この「一般用医薬品」は、さらに細かく分類されており、比較的リスクの低い第3類からややリスクの高い第1類の区分があります。

インドネシアにも、薬品のオンライン販売に関する規制は存在します。

オンラインでの医薬品販売についての、インドネシアにおける規制は、2016年11月5日付の「Eコマースのプラットフォーム・プロバイダ及び商業従事者の責任と制限に関する通信大臣通達」が該当します。

この通達は、Eコマースの商業活動を営むに当たり、ユーザー顧客が電子的システムを通して入力する情報の取扱いに関する責任と、制約に関する規制として位置づけることができますが、後述のように、オンラインでは販売できない物品に関する規定も含んでいます。

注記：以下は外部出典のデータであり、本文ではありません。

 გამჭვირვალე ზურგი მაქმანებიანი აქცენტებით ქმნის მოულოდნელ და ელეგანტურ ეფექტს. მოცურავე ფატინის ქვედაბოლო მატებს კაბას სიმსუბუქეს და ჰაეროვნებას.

また、プラットフォームに参加する商業従事者が作成、または、アップロードしたコンテンツで、プラットフォーム・プロバイダの所有に帰さないコンテンツの取扱いに関する規制も含まれます。

参考:インドネシア情報通信省公式WEBサイト

 

同通達の中には、プラットフォームを通した形では販売できないアイテムに関する規定が「Point B」というセクションにあり、販売が禁止されている薬品が以下のような形式で列挙されています。

1) 関連法規で禁止された違法薬物(麻薬など)

2) 麻酔薬など、医師の処方を必要とする医薬品

3) 禁止された物質を含有する薬品、又は物質

4) 市場での販売を許可されていない、または、その広告用資料が管轄官庁によって許可されていない薬品(伝統薬品を含む)

5) アルコールを含む飲料

以上より、「サプリメント(健康食品を含む)」は、医師の処方を必要とする医薬品ではないので、流通許可(食品医薬品監督庁が発行する)があれば、インターネット上のプラットフォームでの販売は可能である、ということになります。

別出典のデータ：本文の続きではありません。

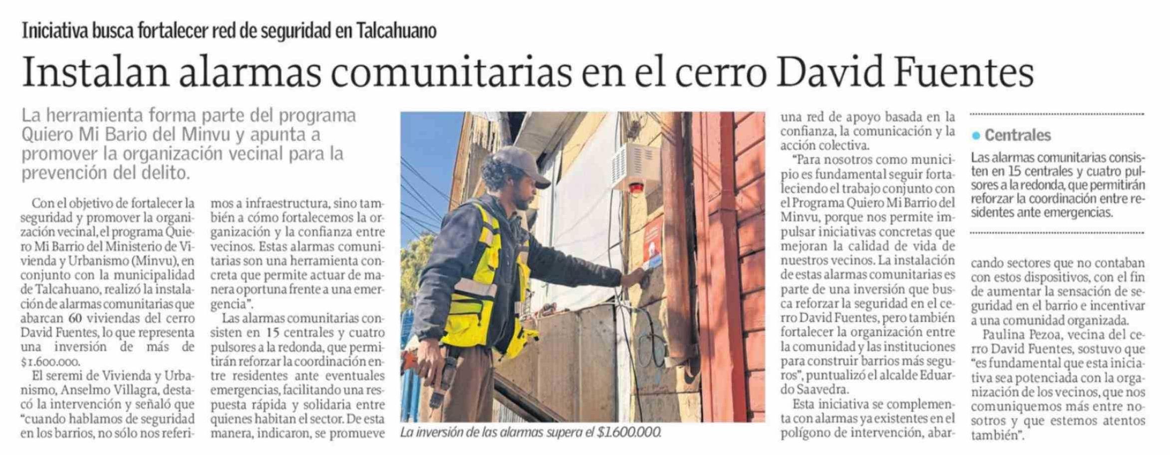 Instalan alarmas comunitarias en el cerro David Fuentes

また、オンライン販売に限定した話ではありませんが、特に医薬品とは異なるサプリメント等に関して、その効能に関してどのような広告表示が可能なのか否か、という点は、実際の販売戦略上は極めて重要なポイントになります。

ご存知の通り、日本ではこの問題は「薬事法NG表現」または、それに類する問題として業界関係者には理解されているものです。

(平成26年11月25日に薬事法が大幅に改正され、名称も「医薬品、医療機器等の品質、有効性及び安全性の確保等に関する法律;略称 医薬品医療機器等法」に変更されましたことは、皆様ご存知の通りです)

インドネシアでも、この問題に類似した問題は存在していますが、日本とは少々事情が異なるようです。

「健康食品サプリメントのモニタリングに関する食品医薬品監督庁長官規則2019年第16号」の第8条第1項は、表示方法に関連して、当該商品の流通業者は、健康サプリメントの表示に関連して、完全で客観的な情報を表記しなければならず、誤解を導くような歪曲があってはならないと規定しています。

しかしながら、「誤解」に関する詳細な説明は与えられておらず、この点に関連した施行規則もありません。

参考:インドネシア食品医薬品監督庁公式WEBサイトより

同規則の第8条第2項では、同条第1項で言及されている表示は食品医薬品監督庁への登録時に合意され承認された情報に基づくものであることが記されています。

したがって、これらの諸規定から最低限言えることは、食品医薬品監督庁への登録プロセスの中で、表示
内容に関する「許容範囲」も明らかになる、ということです。

同規則第9条には、健康食品サプリメントに関する広告に関する規定があります。

それによりますと、健康食品サプリメントは既に流通許可及び広告許可を、食品医薬品監督庁長官から受けている場合に限り、宣伝広告活動をすることが可能です。

健康食品サプリメントの広告に関して、流通業者は、「商品の使用目的」、及び「過剰でなく、誤解を導く恐れのない、完全な情報」を広告媒体に提供しなければなりません。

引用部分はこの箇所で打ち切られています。